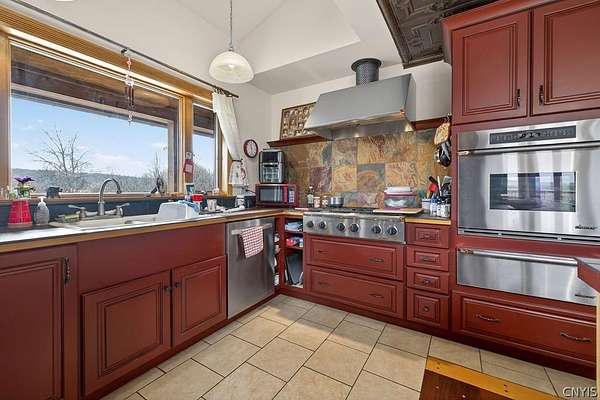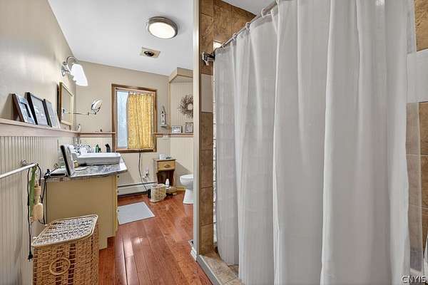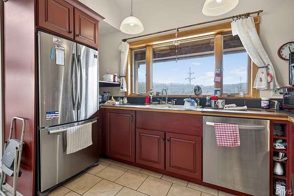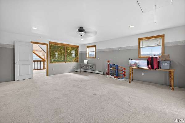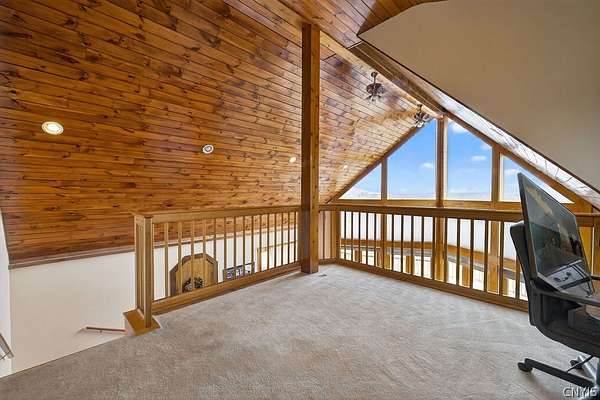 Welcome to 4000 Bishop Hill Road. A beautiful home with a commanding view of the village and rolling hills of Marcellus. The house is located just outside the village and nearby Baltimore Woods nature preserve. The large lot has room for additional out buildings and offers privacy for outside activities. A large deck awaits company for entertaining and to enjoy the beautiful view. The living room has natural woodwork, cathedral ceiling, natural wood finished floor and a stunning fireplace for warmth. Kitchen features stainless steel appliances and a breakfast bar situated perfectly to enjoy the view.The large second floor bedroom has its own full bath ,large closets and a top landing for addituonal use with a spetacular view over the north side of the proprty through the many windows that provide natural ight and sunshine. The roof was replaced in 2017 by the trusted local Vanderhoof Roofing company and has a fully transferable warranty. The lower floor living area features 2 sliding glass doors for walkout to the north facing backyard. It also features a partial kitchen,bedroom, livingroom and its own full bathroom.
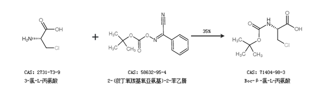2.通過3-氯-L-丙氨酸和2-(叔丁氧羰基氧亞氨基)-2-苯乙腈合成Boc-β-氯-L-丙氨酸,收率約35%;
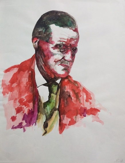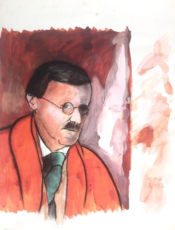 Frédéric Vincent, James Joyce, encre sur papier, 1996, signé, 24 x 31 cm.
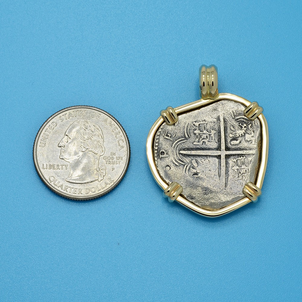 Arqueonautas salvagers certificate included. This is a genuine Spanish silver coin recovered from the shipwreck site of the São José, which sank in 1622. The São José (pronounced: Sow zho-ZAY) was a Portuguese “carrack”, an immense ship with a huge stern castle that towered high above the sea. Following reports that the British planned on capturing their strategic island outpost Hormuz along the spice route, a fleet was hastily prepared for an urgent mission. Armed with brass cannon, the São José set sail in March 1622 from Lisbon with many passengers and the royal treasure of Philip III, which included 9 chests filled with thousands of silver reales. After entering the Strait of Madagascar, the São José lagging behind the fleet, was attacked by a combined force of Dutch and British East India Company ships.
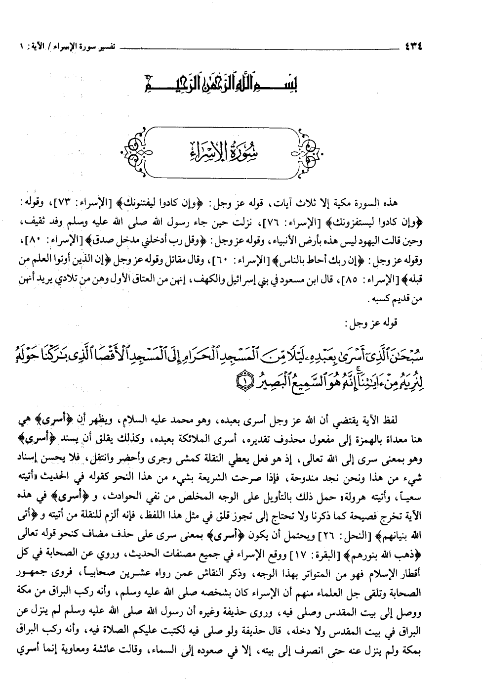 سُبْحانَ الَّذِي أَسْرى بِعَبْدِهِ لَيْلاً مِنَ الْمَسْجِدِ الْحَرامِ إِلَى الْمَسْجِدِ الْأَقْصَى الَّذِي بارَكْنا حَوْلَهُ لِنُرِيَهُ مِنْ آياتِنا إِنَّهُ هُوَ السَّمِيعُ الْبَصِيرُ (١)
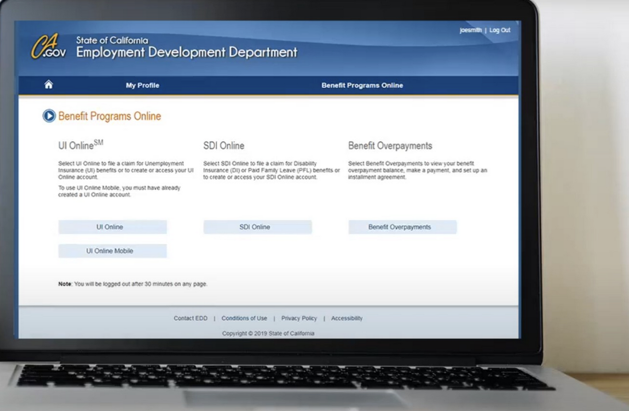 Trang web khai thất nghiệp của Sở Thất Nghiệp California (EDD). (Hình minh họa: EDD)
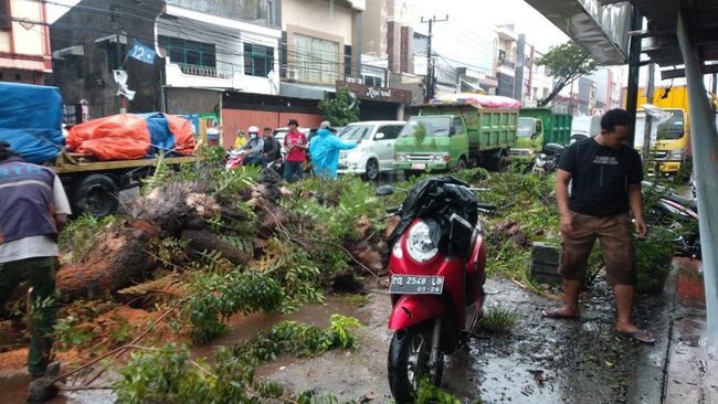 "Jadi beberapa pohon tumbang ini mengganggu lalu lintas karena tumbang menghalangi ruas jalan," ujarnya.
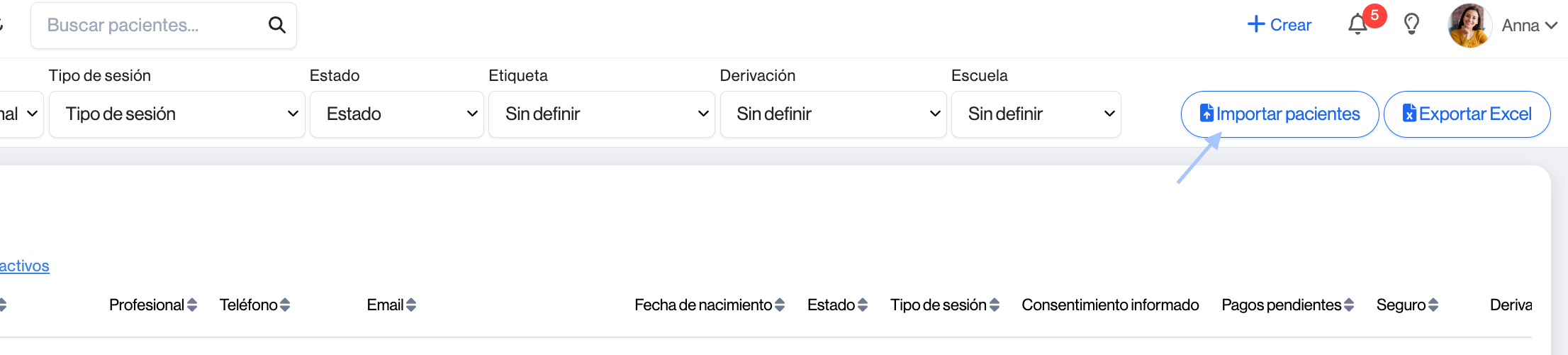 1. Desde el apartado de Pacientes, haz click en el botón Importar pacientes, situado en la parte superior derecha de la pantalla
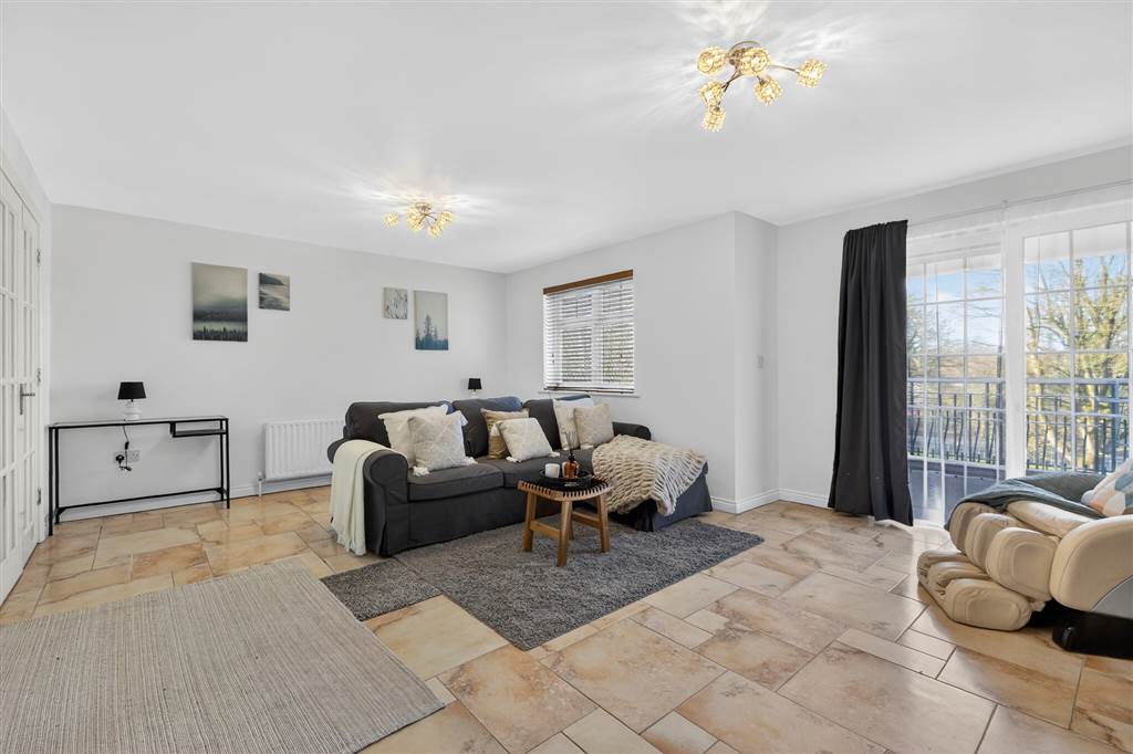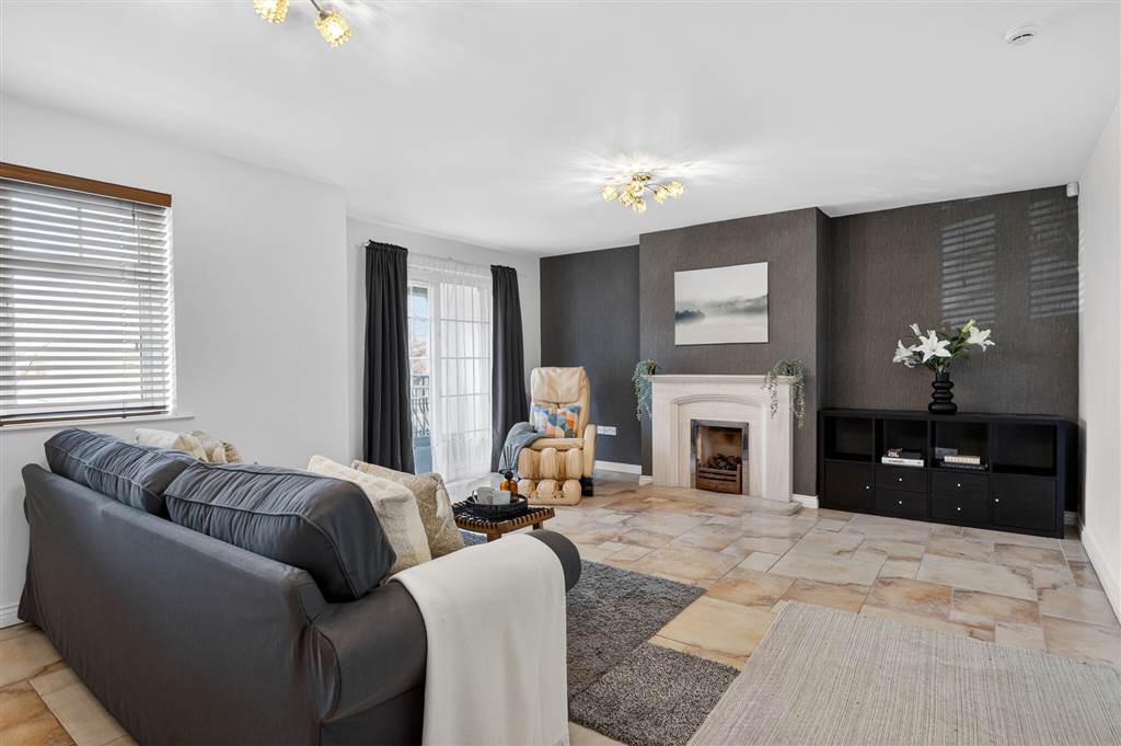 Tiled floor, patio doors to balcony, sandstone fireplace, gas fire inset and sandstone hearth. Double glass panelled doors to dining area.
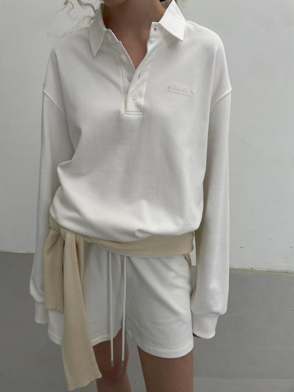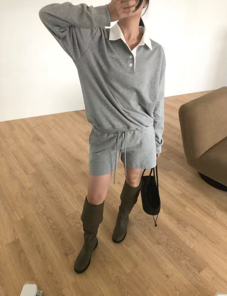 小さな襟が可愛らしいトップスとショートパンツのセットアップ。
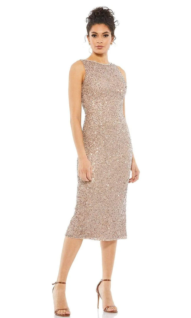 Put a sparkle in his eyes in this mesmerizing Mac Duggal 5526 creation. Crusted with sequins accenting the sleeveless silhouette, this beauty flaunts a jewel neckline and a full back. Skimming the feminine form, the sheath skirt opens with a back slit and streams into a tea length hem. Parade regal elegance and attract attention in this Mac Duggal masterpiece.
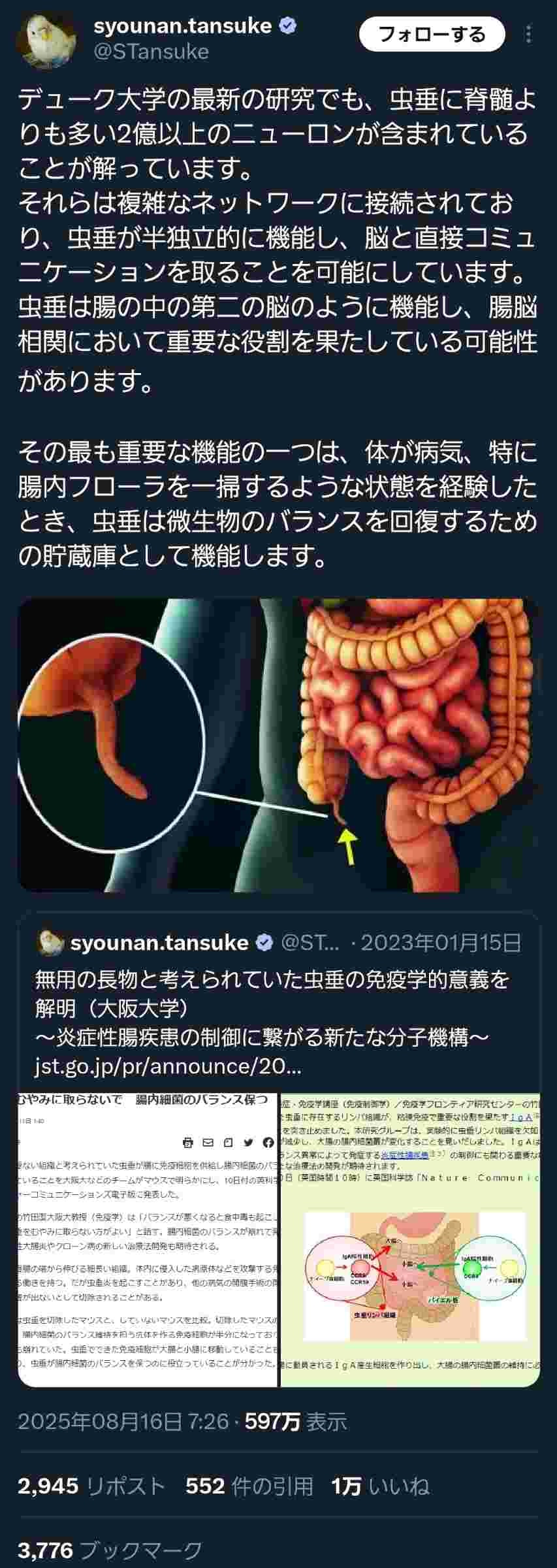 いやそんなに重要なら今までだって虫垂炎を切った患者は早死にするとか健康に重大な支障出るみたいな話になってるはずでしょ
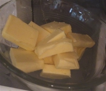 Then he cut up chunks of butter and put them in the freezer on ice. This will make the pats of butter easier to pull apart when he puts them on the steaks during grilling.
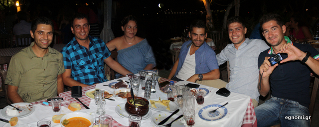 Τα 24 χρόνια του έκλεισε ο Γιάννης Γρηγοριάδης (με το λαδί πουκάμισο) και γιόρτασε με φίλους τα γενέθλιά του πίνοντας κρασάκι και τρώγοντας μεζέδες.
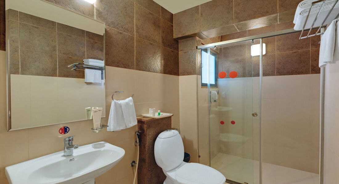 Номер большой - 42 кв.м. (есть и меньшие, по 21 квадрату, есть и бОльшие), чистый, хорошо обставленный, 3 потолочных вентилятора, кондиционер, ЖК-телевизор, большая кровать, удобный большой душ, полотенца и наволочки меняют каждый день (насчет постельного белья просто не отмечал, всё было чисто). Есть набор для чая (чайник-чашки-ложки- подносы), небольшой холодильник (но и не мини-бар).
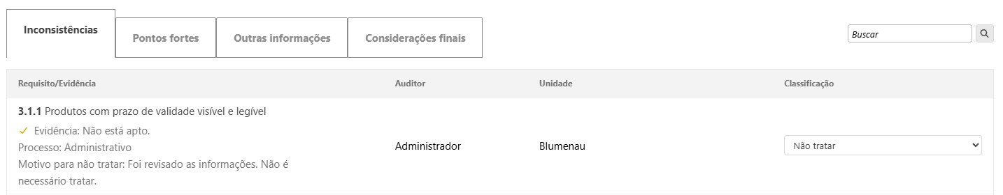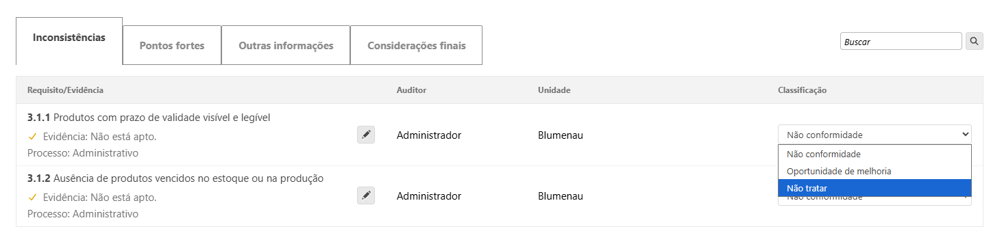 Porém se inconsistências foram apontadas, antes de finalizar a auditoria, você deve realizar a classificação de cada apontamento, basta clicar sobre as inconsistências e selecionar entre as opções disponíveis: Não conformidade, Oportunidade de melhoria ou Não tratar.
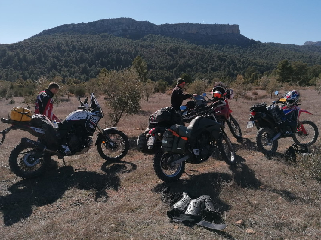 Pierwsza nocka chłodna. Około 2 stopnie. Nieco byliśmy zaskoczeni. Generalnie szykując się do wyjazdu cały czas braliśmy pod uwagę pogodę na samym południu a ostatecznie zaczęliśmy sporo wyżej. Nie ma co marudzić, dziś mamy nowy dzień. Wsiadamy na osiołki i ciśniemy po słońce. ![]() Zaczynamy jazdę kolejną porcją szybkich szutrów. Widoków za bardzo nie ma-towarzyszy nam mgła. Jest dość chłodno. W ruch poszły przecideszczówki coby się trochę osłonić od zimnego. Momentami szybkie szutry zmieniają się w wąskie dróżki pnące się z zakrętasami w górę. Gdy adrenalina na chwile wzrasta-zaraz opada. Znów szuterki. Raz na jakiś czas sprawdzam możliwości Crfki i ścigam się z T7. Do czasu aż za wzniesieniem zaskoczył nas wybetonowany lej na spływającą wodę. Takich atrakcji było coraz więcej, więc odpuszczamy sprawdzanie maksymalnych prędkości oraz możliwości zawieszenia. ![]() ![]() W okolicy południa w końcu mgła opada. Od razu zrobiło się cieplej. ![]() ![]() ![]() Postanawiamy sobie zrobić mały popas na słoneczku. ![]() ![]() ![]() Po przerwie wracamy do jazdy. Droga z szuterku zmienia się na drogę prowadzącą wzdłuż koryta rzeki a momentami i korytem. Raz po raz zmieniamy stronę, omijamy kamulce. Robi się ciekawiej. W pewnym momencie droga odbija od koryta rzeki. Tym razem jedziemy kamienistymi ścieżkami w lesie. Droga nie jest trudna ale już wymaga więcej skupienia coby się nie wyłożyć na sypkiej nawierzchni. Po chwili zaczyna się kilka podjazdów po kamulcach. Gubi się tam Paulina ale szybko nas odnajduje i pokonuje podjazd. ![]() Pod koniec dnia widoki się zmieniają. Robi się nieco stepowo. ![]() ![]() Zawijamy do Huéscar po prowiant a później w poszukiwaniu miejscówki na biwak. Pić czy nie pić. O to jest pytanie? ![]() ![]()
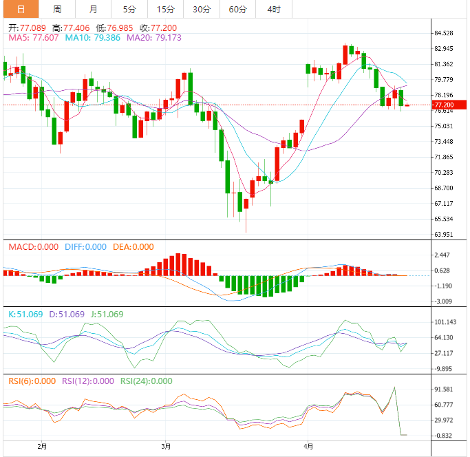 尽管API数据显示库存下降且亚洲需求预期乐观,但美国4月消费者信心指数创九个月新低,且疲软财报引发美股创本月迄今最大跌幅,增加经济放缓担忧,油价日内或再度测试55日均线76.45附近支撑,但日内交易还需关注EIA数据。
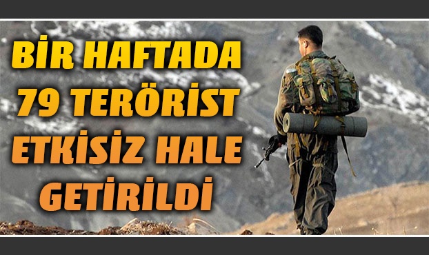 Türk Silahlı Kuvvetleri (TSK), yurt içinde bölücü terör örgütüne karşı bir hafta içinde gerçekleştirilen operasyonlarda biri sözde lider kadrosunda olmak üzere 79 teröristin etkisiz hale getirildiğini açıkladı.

_ _ _ _

▶ [Task]: Would you give again, exactly, the lines in the data above that run from the line containing "いやそんなに重要なら今までだ" to the line containing "Τα 24 χρόνια"? Include both ends and no pictures.

▶ [Result of the task]:
 いやそんなに重要なら今までだって虫垂炎を切った患者は早死にするとか健康に重大な支障出るみたいな話になってるはずでしょ
 Then he cut up chunks of butter and put them in the freezer on ice. This will make the pats of butter easier to pull apart when he puts them on the steaks during grilling.
 Τα 24 χρόνια του έκλεισε ο Γιάννης Γρηγοριάδης (με το λαδί πουκάμισο) και γιόρτασε με φίλους τα γενέθλιά του πίνοντας κρασάκι και τρώγοντας μεζέδες.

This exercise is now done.